Listed records
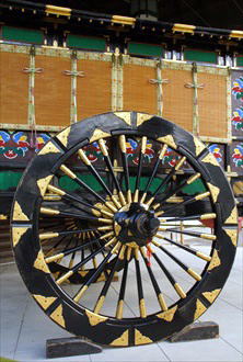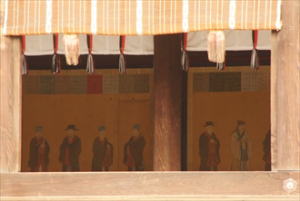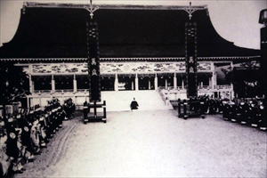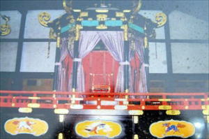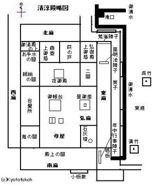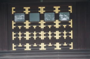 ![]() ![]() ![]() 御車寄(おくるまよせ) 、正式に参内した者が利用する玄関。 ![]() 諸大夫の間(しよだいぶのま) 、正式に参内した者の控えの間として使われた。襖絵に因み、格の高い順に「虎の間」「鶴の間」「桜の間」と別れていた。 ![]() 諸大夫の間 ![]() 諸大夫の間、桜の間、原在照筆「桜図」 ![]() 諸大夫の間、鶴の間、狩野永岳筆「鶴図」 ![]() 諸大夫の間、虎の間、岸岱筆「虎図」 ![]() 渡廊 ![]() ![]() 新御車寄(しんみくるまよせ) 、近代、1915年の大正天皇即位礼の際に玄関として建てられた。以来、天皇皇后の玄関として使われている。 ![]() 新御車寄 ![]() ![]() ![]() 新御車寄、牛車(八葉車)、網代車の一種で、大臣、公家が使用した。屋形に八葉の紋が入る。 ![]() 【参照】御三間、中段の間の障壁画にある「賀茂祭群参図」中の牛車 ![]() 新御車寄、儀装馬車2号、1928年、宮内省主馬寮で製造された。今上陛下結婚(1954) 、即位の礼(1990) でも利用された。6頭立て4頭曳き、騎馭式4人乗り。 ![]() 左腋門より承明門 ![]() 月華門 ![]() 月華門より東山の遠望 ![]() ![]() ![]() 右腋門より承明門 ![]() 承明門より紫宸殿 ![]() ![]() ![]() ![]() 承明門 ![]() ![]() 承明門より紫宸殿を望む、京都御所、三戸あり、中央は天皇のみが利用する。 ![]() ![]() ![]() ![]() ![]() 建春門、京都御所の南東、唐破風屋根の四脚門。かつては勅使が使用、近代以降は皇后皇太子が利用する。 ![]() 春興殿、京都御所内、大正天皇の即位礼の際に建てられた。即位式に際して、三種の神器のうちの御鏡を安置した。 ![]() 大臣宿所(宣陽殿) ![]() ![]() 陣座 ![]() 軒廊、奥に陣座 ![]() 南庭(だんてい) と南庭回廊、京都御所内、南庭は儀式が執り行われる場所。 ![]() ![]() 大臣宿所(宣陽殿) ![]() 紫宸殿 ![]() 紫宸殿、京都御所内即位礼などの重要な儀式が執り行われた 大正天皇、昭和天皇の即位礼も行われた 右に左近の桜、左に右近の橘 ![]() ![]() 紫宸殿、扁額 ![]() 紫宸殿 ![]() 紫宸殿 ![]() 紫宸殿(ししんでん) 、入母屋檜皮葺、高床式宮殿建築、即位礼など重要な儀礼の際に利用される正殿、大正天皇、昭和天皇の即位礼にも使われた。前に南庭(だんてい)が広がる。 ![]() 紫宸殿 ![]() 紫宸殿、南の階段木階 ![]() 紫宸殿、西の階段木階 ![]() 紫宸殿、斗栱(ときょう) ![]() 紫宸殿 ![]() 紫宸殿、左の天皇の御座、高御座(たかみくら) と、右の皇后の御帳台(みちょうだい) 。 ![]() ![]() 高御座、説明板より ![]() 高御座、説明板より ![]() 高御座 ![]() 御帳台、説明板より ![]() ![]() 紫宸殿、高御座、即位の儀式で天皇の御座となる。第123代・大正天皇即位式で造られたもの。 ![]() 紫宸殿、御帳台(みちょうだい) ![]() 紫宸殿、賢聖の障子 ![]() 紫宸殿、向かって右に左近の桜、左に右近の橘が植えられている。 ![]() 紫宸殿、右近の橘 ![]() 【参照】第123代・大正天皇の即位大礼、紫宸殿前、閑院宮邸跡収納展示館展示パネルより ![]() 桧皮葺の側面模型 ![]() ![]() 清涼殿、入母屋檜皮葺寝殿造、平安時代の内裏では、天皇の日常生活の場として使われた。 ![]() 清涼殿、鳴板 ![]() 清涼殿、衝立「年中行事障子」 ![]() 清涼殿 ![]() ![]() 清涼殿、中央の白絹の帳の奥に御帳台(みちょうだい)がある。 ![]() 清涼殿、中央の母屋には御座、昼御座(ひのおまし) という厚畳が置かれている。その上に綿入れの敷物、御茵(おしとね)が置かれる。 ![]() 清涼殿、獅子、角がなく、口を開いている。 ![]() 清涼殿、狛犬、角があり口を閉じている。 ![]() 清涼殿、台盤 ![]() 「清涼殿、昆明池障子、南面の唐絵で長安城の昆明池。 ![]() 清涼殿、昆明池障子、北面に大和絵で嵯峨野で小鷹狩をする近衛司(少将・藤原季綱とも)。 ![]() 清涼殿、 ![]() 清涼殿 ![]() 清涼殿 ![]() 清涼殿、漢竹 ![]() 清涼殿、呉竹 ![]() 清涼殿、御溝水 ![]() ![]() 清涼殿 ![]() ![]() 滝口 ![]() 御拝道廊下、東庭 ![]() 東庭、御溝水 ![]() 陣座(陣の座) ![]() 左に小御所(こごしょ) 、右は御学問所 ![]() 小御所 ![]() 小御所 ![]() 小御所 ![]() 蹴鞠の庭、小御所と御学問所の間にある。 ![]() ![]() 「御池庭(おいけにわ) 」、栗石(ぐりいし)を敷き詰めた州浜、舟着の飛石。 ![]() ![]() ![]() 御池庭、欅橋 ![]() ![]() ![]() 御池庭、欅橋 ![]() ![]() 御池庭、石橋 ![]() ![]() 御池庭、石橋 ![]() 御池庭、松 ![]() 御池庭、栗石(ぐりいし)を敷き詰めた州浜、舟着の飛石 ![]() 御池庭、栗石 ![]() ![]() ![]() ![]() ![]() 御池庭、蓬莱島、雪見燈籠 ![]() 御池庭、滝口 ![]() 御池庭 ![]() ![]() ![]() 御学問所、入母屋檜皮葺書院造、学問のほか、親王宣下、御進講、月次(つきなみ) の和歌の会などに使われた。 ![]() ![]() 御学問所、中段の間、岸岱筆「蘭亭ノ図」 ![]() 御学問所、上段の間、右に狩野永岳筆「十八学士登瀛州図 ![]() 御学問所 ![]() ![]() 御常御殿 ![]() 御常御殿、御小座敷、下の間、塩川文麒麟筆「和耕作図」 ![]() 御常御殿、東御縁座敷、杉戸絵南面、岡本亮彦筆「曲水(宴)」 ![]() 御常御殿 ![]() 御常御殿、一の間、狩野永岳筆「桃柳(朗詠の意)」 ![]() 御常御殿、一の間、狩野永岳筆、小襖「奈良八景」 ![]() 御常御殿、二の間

==

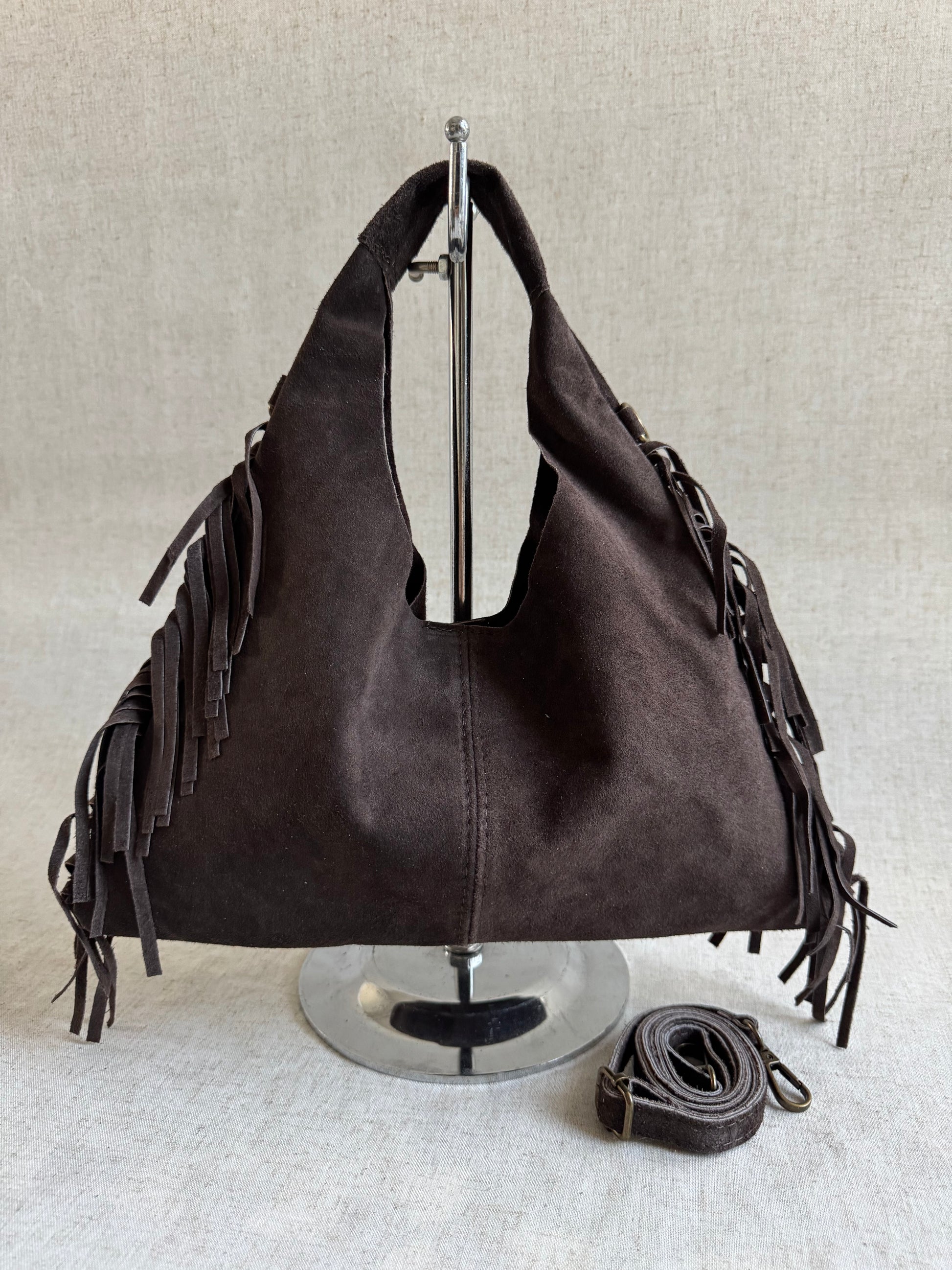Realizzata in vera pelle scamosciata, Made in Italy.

...

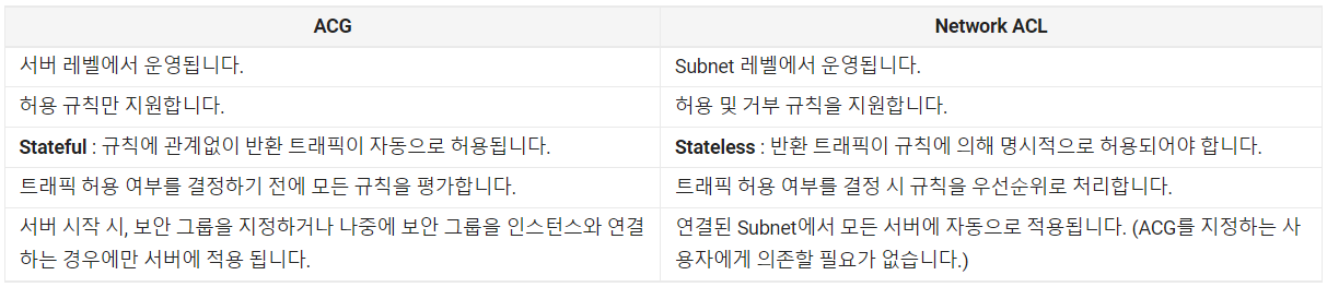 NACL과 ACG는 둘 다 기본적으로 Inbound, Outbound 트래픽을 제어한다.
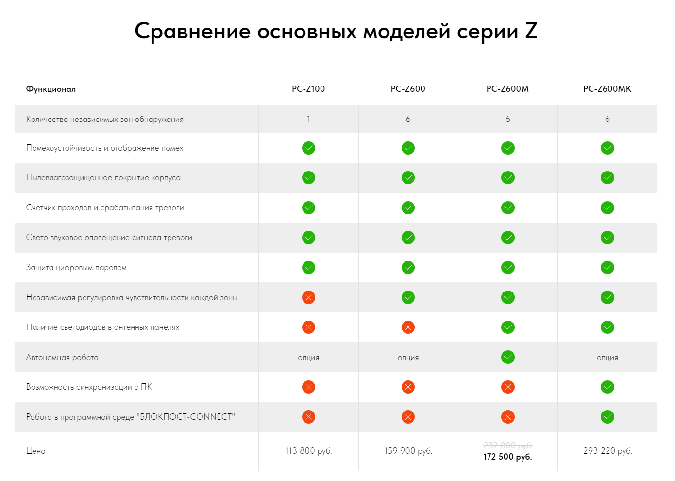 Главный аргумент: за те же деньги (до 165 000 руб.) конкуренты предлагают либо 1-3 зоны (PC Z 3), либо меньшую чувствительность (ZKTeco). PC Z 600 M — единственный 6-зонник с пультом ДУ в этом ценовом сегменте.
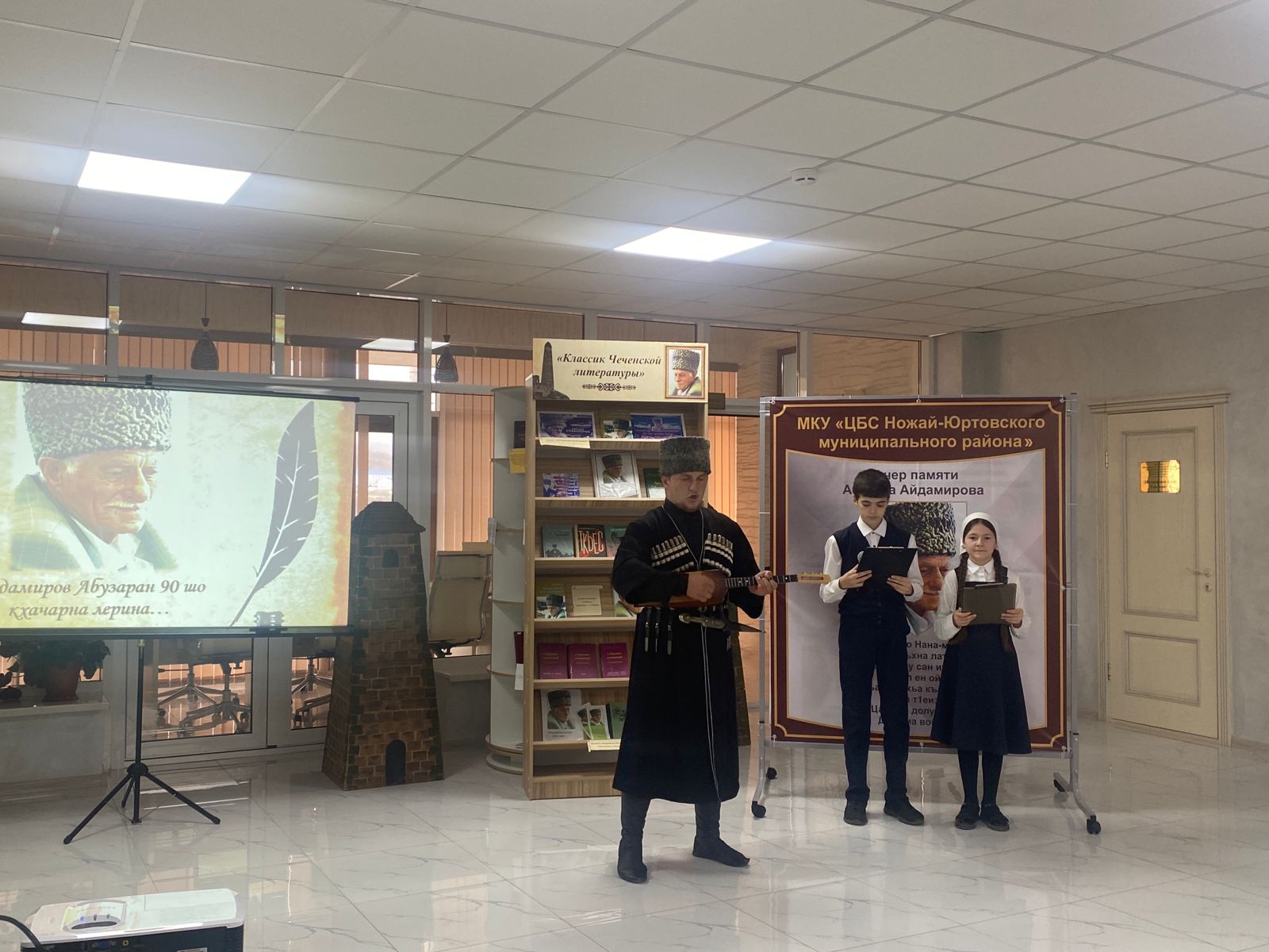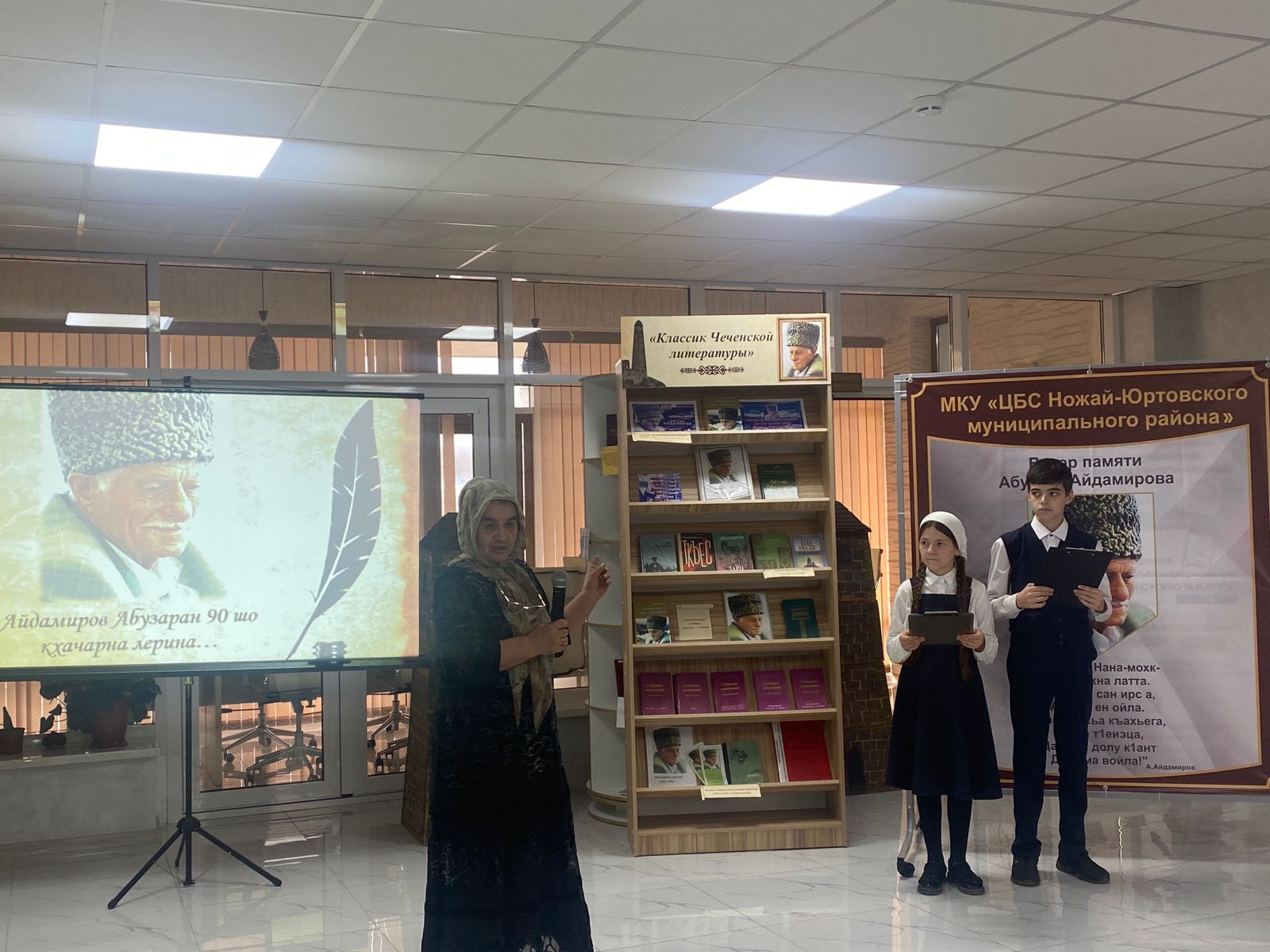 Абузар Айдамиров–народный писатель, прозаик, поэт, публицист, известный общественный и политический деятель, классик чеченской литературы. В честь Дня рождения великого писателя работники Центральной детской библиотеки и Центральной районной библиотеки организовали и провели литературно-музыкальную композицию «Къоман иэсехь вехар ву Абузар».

What to produce
In the listing above, find the line with "NACL과 ACG는 둘" and output it and every line after it up to and including the line with "поэт, публицист, известный", exactly, minus the pictures.

Exercise answer
 NACL과 ACG는 둘 다 기본적으로 Inbound, Outbound 트래픽을 제어한다.
 Главный аргумент: за те же деньги (до 165 000 руб.) конкуренты предлагают либо 1-3 зоны (PC Z 3), либо меньшую чувствительность (ZKTeco). PC Z 600 M — единственный 6-зонник с пультом ДУ в этом ценовом сегменте.
 Абузар Айдамиров–народный писатель, прозаик, поэт, публицист, известный общественный и политический деятель, классик чеченской литературы. В честь Дня рождения великого писателя работники Центральной детской библиотеки и Центральной районной библиотеки организовали и провели литературно-музыкальную композицию «Къоман иэсехь вехар ву Абузар».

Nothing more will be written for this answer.